In the immediate wake of the bankruptcy, Corzine and the board were criticized in the financial press for their apparent non-awareness of the company's condition in the immediate lead-up to the event and their apparent inabilities to manage the risk the company had assumed.

====Naming of bankruptcy trustees, controversy====
Former Federal Bureau of Investigation director and federal judge Louis J. Freeh was named trustee for the MF Global holding company (MF Global Holdings Ltd.) bankruptcy case on November 25, 2011. This appointment was made just four days after Freeh was named to head the investigation for Penn State University trustees of the Penn State sex abuse scandal. For the MF Global bankruptcy case, Freeh was appointed by U.S. Trustee Tracy Hope Davis, working under the authority of U.S. Bankruptcy Court judge Martin Glenn.

Louis Freeh came under criticism following his appointment as MF Global Holdings bankruptcy trustee from politicians, commentators and former federal officials for trying to capitalize on cases such as MF Global and the Penn State sex abuse scandal, despite a federal career of his own that was fraught with controversy. Other experts and observers, however, found Freeh to be eminently qualified, and an excellent choice for trustee. These individuals expressed confidence that Freeh and his team could sort through the financial mess at MF Global, find the best possible legal resolutions to suggest and retrieve as much money for clients as possible.

Separately, James Giddens was named the trustee of the primary MF Global Holdings subsidiary, MF Global Inc., the broker-dealer.

====Auditor subpoenaed for clients' assets information====
U.S. regulators subpoenaed MF Global's auditor, PricewaterhouseCoopers LLP, for information on the segregation of assets belonging to clients trading on U.S. commodity exchanges.

====Employees fired without severance pay====
The bankruptcy trustees office charged with liquidating MF Global fired 1,066 employees of the broker-dealer subsidiary on November 11, 2011. The terminated employees did not receive any bonuses, deferred compensation or severance pay. The trustee's office confirmed that about 200 employees were hired back to assist in the liquidation process, including processing bankruptcy claims and wrapping up necessary business activities.

====SEC reviewed debt sales for insider trading fraud====
In addition to other investigatory work, U.S. Securities and Exchange Commission also reviewed trades in MF Global Holdings Ltd. (MF) convertible bonds to determine whether some investors sold the debt based on confidential information before the firm's demise.

====Bankruptcy trustee, regulators investigate missing client funds====
Clearly, client (or customer) accounts were misused to try to cover the bet made on European sovereign debt. Beginning in November 2011, MF Global was investigated by regulators for money missing from client accounts. The shortfall in client accounts at MF Global Holdings Ltd was thought to be around $1.2 billion as of late November 2011, according to the trustee liquidating the company.

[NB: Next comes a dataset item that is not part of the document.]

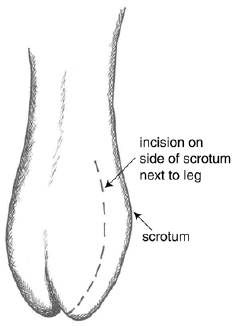 b) If you are right handed, use your left hand to force one testicle to the bottom outside of the scrotum. Once the testicle is in the proper site, hold it there and use a scalpel to make a generous incision over the testicle. The incision may extend into the testicle itself.

As the trustees and liquidators continued their work in early 2012, they indicated that the total amount owed to clients was substantially higher. Rolling Stone reported in April 2012 that the number stands at $1.6 billion, and that "nobody disputes the fact that MF Global officials dipped into customer accounts and took...customer money."

US and UK investors continued waiting to see if and when they would be repaid for the misuse of their client account monies.

However, because rehypothecation is not allowed in Canada, the Canadian customers of MF Global were able to recover all their funds within 10 days.

====Settlements====
With, among other sources of cash, Corzine and other former MF Global executives in 2016 reaching a $132 million settlement with a trustee liquidating the company on behalf of creditors and, in 2015, executives having reached a $64.5 million settlement of separate investor litigation, portions of which were covered by insurance, all customers (as of 2014) and other claims on MF were settled.

==Corzine's possible role in the firm's collapse==
Some prominent financial industry executives, journalists, regulators, politicians - and some MF Global clients - lay the blame for the demise squarely, and primarily, at Corzine's feet. On the day of MF Global's bankruptcy, a Bloomberg reporter wrote "Jon Corzine's risk appetite helped destroy his firm. It also provided an object lesson for Paul Volcker's campaign against proprietary trading on Wall Street."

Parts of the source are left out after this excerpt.